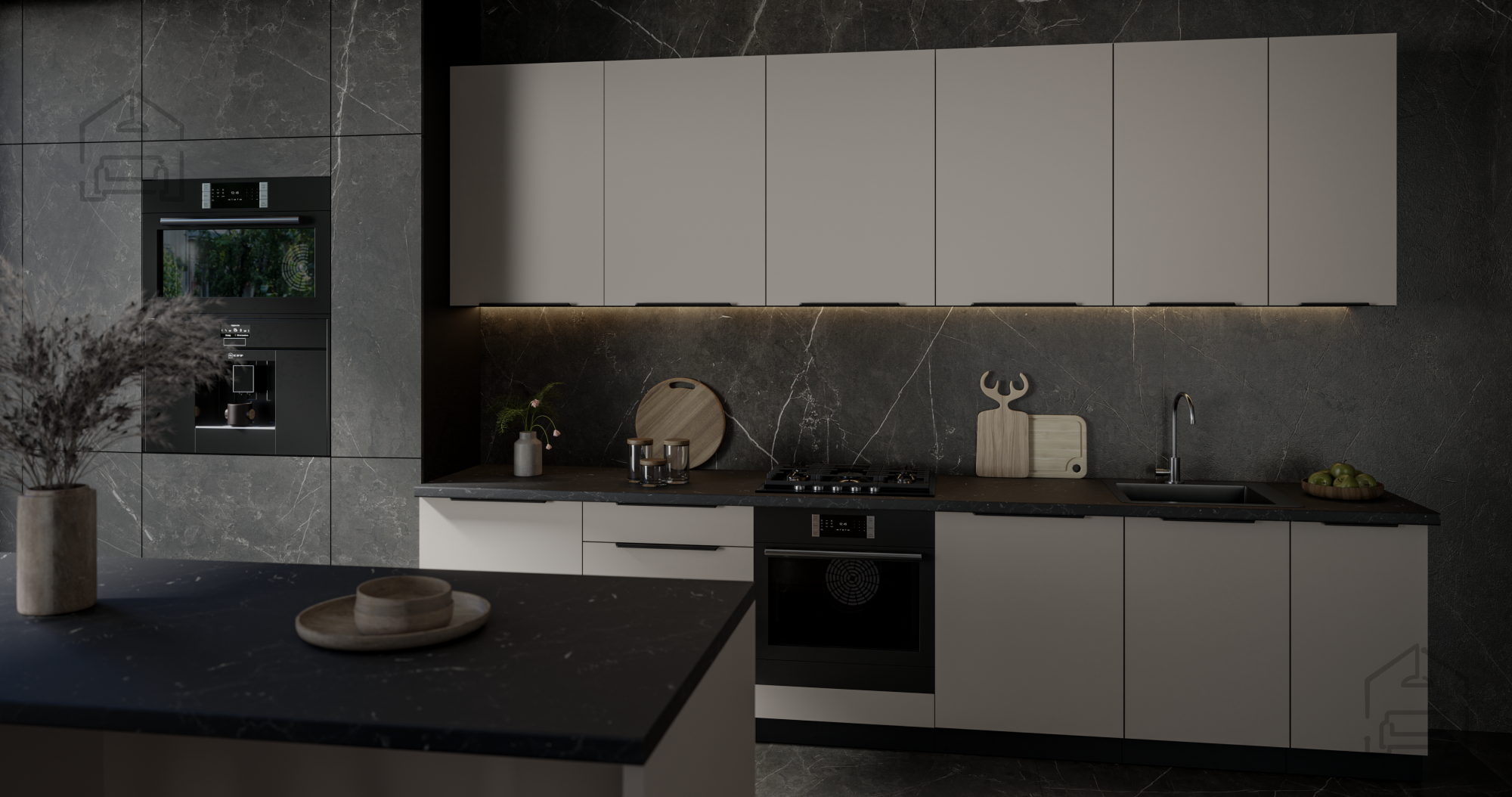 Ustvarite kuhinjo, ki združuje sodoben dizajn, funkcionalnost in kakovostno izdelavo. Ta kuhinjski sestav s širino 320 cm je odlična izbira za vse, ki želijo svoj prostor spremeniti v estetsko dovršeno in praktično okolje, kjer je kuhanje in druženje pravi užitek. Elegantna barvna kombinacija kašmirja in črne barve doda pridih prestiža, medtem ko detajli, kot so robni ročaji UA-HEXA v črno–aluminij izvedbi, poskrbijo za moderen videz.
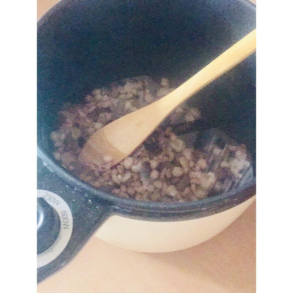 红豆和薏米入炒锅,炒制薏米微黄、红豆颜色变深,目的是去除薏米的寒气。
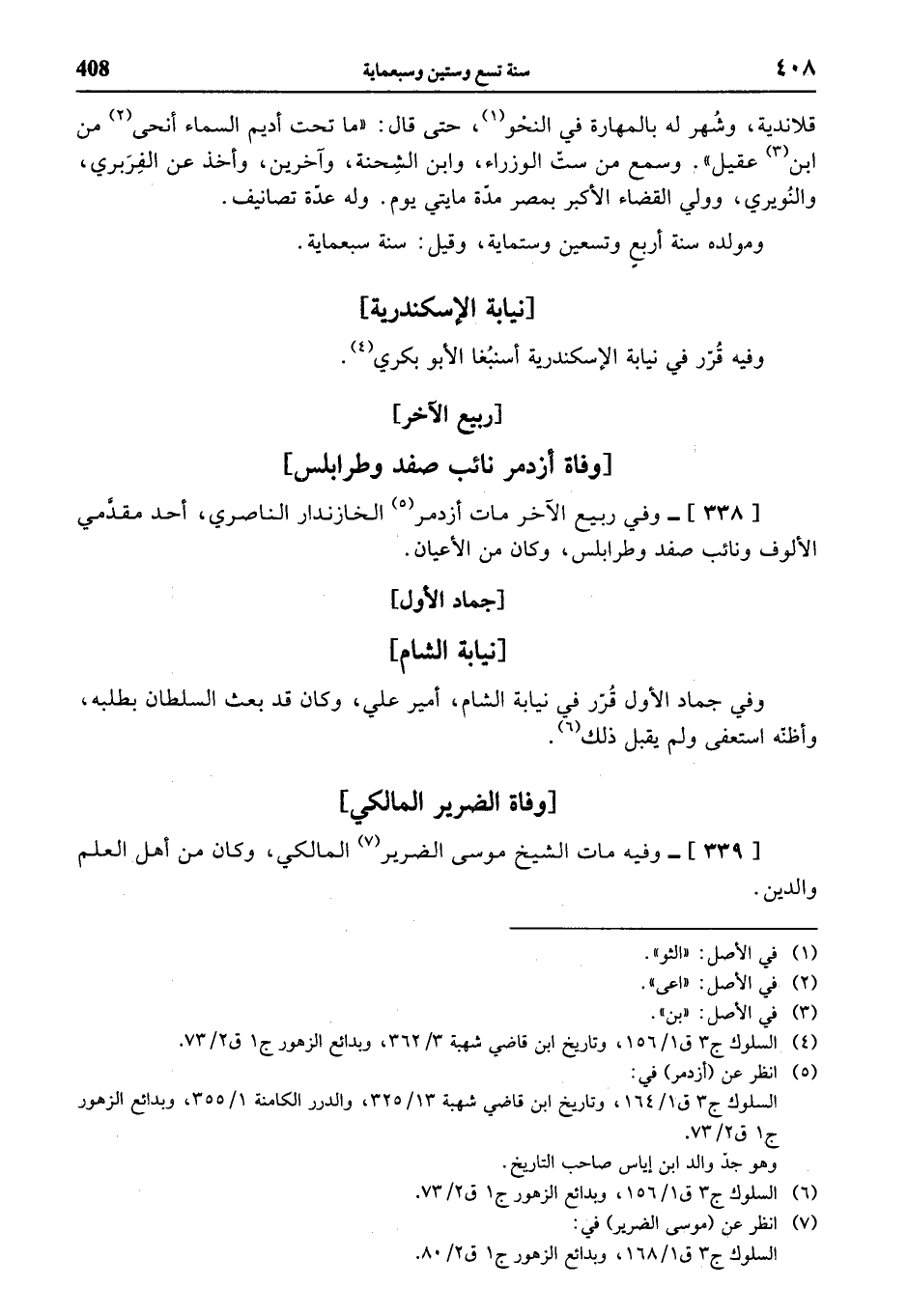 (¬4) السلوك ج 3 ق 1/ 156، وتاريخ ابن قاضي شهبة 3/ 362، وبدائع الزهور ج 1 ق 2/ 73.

WORK INSTRUCTIONS:
Everything from the line containing "红豆和薏米入炒锅,炒制薏米微黄、红豆颜色变深,目的是去除薏米的寒气。" to the last line of the listing above is to be written out exactly, except the pictures, and nothing else.

COMPLETED EXERCISE:
 红豆和薏米入炒锅,炒制薏米微黄、红豆颜色变深,目的是去除薏米的寒气。
 (¬4) السلوك ج 3 ق 1/ 156، وتاريخ ابن قاضي شهبة 3/ 362، وبدائع الزهور ج 1 ق 2/ 73.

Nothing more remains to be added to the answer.